Please repeat, exactly as they stand, the line containing "Hvad tænker I" and the lines after it through the final line of the listing below, minus pictures.
(RAW DATA Opens)
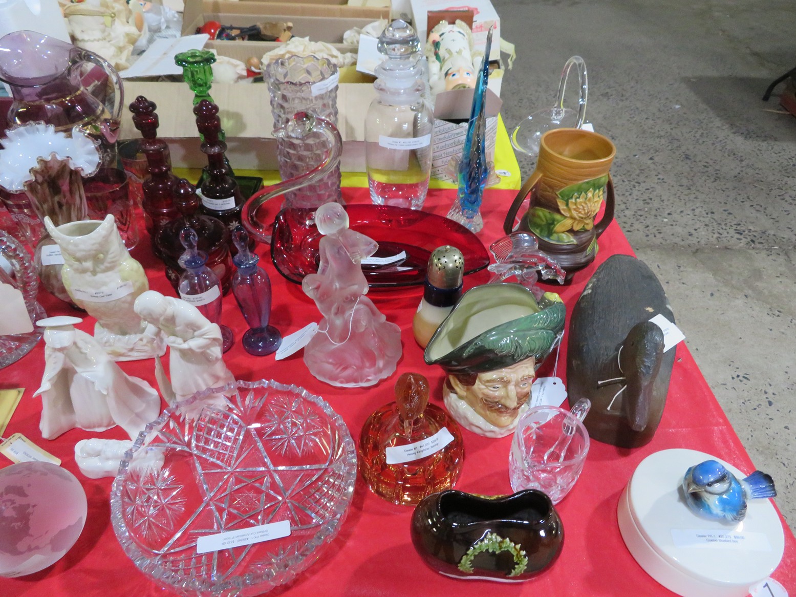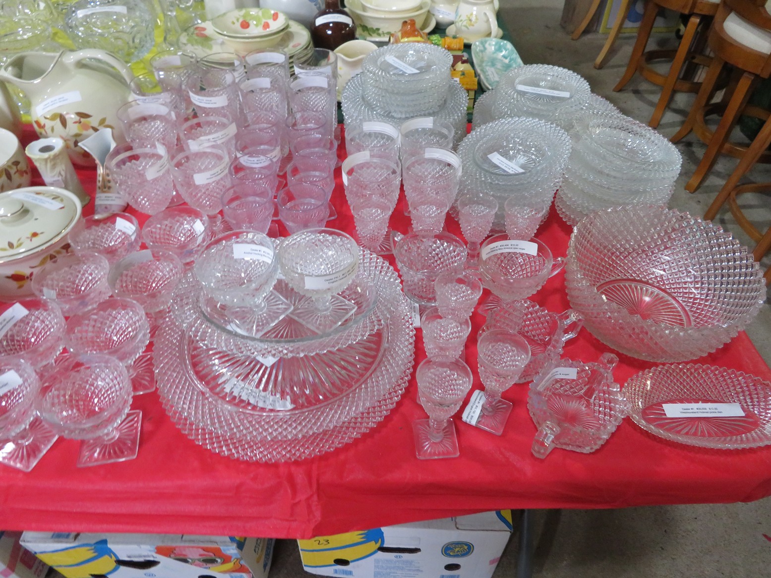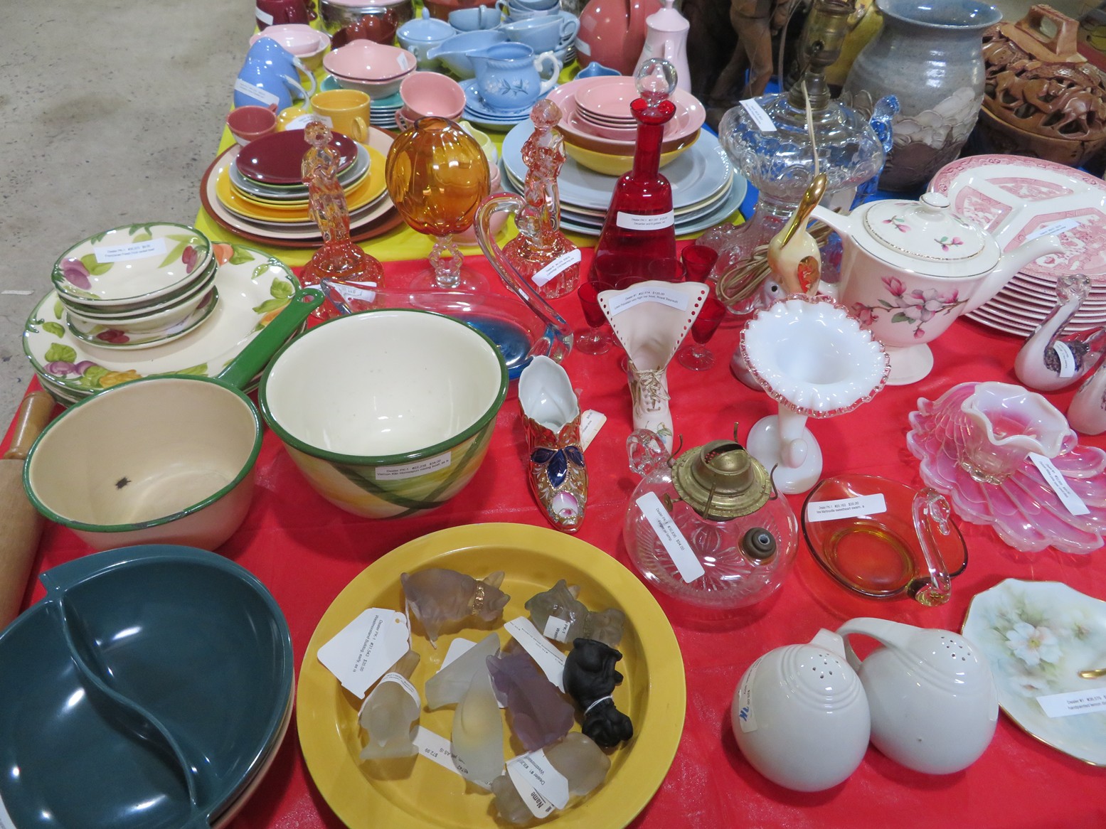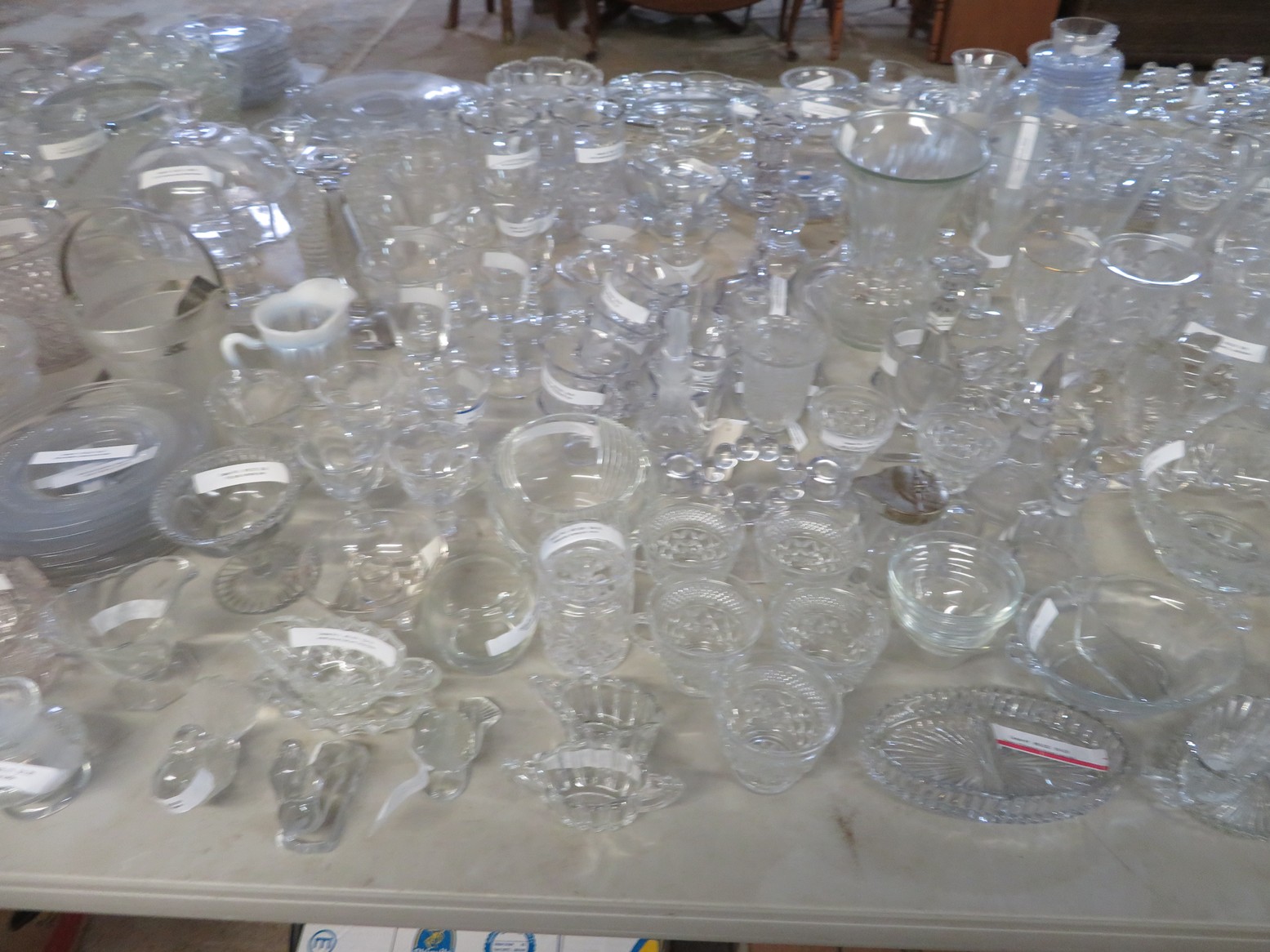 Lots & lots of clear glass animals as figurines, bowls, cups & more; Glass swans; Candlesticks; Crystal bowl; Art glass; Perfume bottles; Glass basket; Fostoria American collection; Ruby cut to clear; Frosted figure; Colored flower frogs; Paperweights; Pyrex bowls; Decanters; Glass baskets; Glass animals; Fenton silver crest cornucopia; Oil lamp; Vases; Moon & Stars bowl; Pitchers; Silver overlay; Lots of colored glass; Cambridge; Depression glass; Goblets; Large set of diamon pattern glassware; Cake stand with dome; Lots of glass shoes; Jamestown glasses; Milk glass; Clear flower frogs; Candlewick; Serving pieces; Candy dishes; S&P shakers; Cake plate; Ice bucket; Refrigerator box and much more!
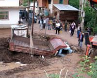 Öte yandan Gümüşhane merkeze bağlı Boyluca köyünde de dolu ve sağanak yağış sele neden oldu. Boyluca köyü yolu ulaşıma kapandı. Cevdet Öztürk'e (48) ait 06 TS 486 plakalı damperli kamyon sel sularına kapıldı.
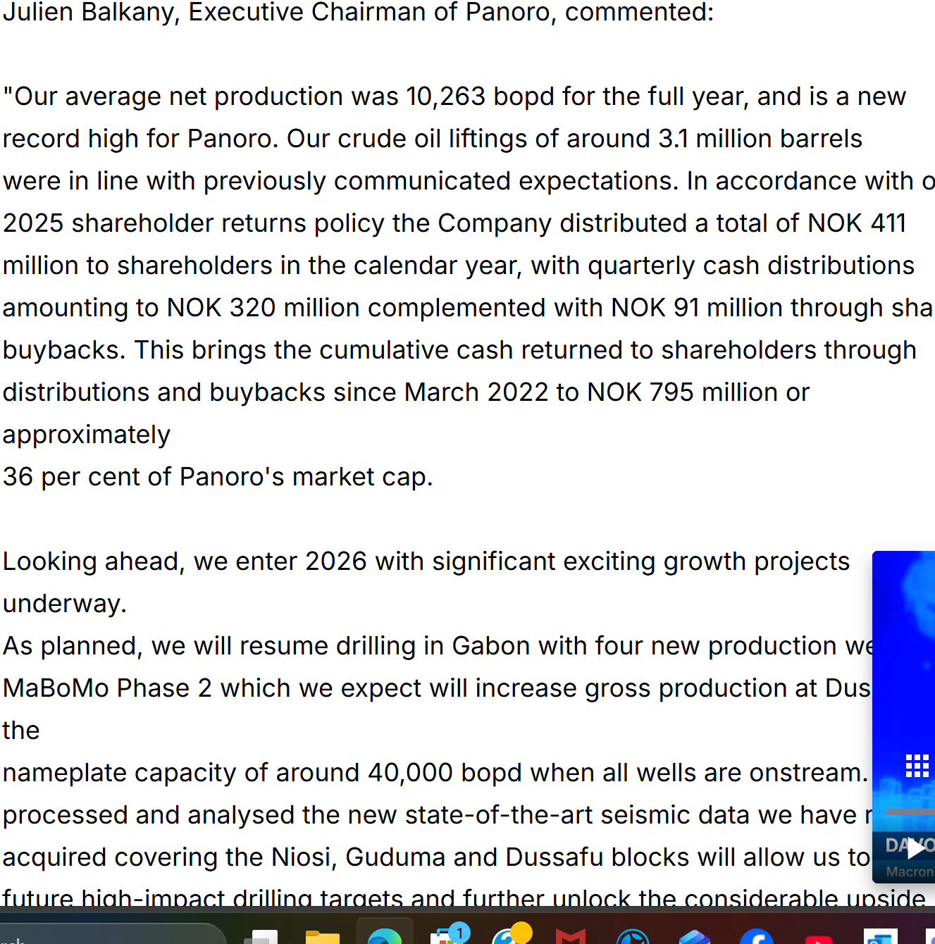 Hvad tænker I om Panoros evne til at skabe afkast til aktionærerne i 2026? Hvad er jeres mening om afrikansk olie i den nuværende verdenssituation? Selv tænker jeg håbefuldt, at dette giver oliesikkerhed til Europa (også PNOR) i en situation, hvor forskellige globale blokke hamstrer olie med henblik på selvforsyning. Europas egne ressourcer (ekskl. Rusland) er vist utilstrækkelige, så hvad angår olie, bliver vi nødt til at dække behovet fra andre blokke – til en premium-pris?
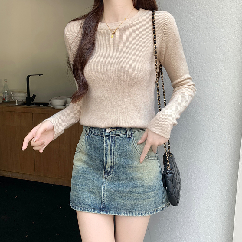 RM27385#基础圆领纯色打底针织衫女秋冬毛衣修身显瘦软糯内搭上衣
(RAW DATA Closes)
__EXPECTED OUTPUT__.
 Hvad tænker I om Panoros evne til at skabe afkast til aktionærerne i 2026? Hvad er jeres mening om afrikansk olie i den nuværende verdenssituation? Selv tænker jeg håbefuldt, at dette giver oliesikkerhed til Europa (også PNOR) i en situation, hvor forskellige globale blokke hamstrer olie med henblik på selvforsyning. Europas egne ressourcer (ekskl. Rusland) er vist utilstrækkelige, så hvad angår olie, bliver vi nødt til at dække behovet fra andre blokke – til en premium-pris?
 RM27385#基础圆领纯色打底针织衫女秋冬毛衣修身显瘦软糯内搭上衣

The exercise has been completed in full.